The majority of respondents to a government consultation on the reform of healthcare regulation were in favour of a reduction in the number of regulators.

There are currently nine health regulatory bodies in all, including the General Pharmaceutical Council (GPhC), and the Department of Health and Social Care recently consulted on plans to make professional regulation faster, simpler and more responsive to the needs of professionals and patients.

The government’s response to the consultation, which ran from October 2017 to January 2018 and attracted over 900 responses from individuals, organisations, health professionals and the public, highlighted that 472 out of 819 responses agreed there should be fewer regulators. Just 255 disagreed.

"Improved consistency"

“Reducing the number of regulatory bodies could deliver benefits. It might be simpler for employers, patients and the public to find the correct regulatory body with which to raise concerns,” the government said.

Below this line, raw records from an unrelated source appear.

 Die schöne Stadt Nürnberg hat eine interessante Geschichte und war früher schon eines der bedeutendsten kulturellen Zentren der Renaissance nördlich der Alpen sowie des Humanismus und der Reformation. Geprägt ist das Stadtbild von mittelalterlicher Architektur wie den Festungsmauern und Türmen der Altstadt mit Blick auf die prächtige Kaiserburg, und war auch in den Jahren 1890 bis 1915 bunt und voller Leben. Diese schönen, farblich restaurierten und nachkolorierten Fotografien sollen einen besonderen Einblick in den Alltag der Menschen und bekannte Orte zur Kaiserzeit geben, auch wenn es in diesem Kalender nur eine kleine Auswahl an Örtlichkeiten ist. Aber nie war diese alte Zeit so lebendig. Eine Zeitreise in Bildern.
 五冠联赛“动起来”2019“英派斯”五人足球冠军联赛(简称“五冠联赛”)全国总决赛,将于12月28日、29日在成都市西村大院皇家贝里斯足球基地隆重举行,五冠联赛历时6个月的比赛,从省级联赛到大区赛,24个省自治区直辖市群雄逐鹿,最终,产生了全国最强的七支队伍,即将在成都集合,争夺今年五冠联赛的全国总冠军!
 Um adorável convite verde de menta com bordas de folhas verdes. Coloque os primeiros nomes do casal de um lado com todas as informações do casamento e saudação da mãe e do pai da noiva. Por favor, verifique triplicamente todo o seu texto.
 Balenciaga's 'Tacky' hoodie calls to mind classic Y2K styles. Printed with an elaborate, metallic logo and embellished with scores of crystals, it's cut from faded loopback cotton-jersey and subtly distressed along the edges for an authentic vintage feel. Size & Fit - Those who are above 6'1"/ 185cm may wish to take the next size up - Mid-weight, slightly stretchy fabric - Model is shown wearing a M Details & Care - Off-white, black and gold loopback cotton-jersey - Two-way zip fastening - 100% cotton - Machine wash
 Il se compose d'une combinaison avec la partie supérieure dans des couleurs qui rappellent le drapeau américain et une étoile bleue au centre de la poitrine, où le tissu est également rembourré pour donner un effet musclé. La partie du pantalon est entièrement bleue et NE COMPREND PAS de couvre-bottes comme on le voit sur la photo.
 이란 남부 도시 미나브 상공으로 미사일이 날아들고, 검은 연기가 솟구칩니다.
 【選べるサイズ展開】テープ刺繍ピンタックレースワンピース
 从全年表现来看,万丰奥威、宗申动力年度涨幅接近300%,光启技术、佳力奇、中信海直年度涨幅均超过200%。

“Having fewer regulatory bodies could support improved consistency of standards and fitness to practise processes and decisions, delivering fair and consistent public protection.”

Two hundred and eighty four out of 965 responses agreed that having fewer regulators would make it easier for stakeholders to understand the system of professional regulators, 162 responses agreed it would bring about consistency in the fitness-to-practice process and 145 responses agreed it would generate cost savings.

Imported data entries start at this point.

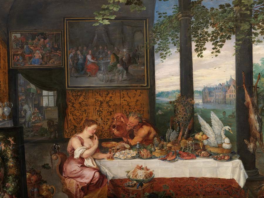 Esta es una de las colaboraciones entre ambos artistas que conforman un conjunto de pinturas que representan la alegoría de los cinco sentidos. En el centro se ve una mesa con delicias, así como a dos invitados, una mujer y un sátiro que le sirve agua en una copa. La pincelada de Rubens se observa en el tratamiento del ropaje de la doncella, de gran riqueza cromática. En la parte superior, hay dos cuadros colgados de las paredes que también son alusivas a festejos de vino y comilonas.
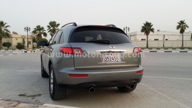 وصف : I would like to sell my 2004 infinity FX35 , the car is in excellent condition and is serviced at the dealership , it has comprehensive insurance leather seats , sunroof , cruise control and volume control on the steering wheel , has bose sound system, recently installed 4 brand new tires and done major service the mileage is around 103k miles If interested please contact me on 37737756 للبيع انفنتي بحالة ممتازة صيانة الوكالة و تأمين شامل ، السيارة فل اوبشن سيتات جلد ، زينون ، تحكم في السرعة و الصوت من السكان ، صندوق شفط ، رابين من اصل على الجامات الخلفية ، فتحة سقف و شاشة معلومات. توي امبدل إليه 4 تواير و سويت ماجر سيرفس للاتصال 37737756
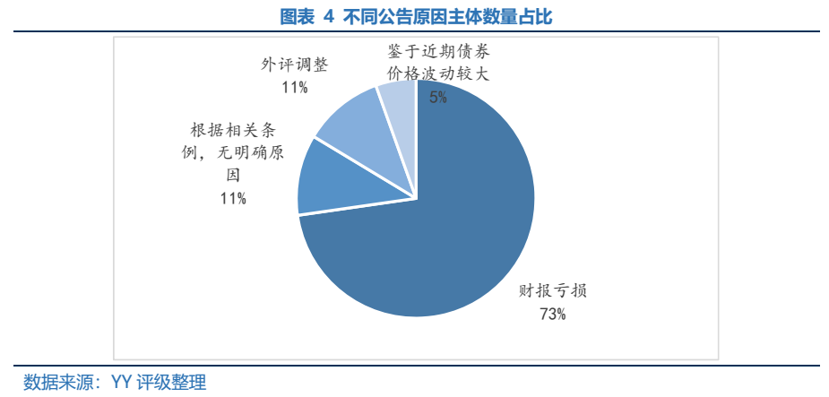 分公告原因來看,主要涉及債券價格波動、財務虧損、外評調整以及其他未說明的原因幾個方面因素。其中財報虧損導致公告的數量占比較高,主體數量占比達到72.7%。
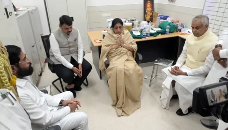 सुनेत्रा पवार हाथ जोड़े बैठी नजर आ रही हैं, जबकि उनके दोनों तरफ मुख्यमंत्री फड़णवीस और राज्यपाल आचार्य देवव्रत खड़े हैं. इस माहौल से स्पष्ट है कि परिवार और राजनीतिक नेताओं के लिए यह क्षण अत्यंत भावुक और कठिन है.
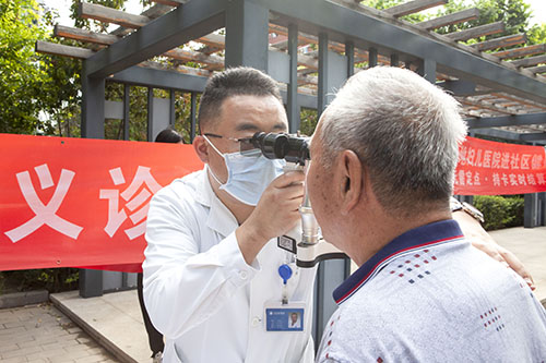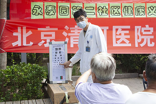 眼科医生利用专业的检查设备,为居民进行了视力检查和白内障等常见眼病的筛查,强调了日常用眼卫生和定期眼健康检查的重要性。

A number of potential disadvantages were also identified, with 285 and 121 respondents respectively believing there would be a loss of expertise and professional identity respectively. Ninety thought it would reduce responsiveness and quality of regulation.

“The UK and devolved governments remain of the view that reconfiguring the regulatory bodies has the potential to deliver benefits such as providing greater clarity for patients and their families and carers about which organisation to contact for what reason, and what can be expected from the process,” the government said.

GPhC: More work needed

GPhC chief executive Duncan Rudkin said more work was needed “to understand the rationale for making this type of change and if the potential benefits would outweigh the challenges this would present.”

The government said research indicated that greater efficiencies are apparent when a regulatory body has a registrant base of between 100,000 and 200,000.

Five regulators have fewer registrants than this which the government said potentially contributed “to higher costs.” As of October 31, 2017, the GPhC had 77,285 registrants.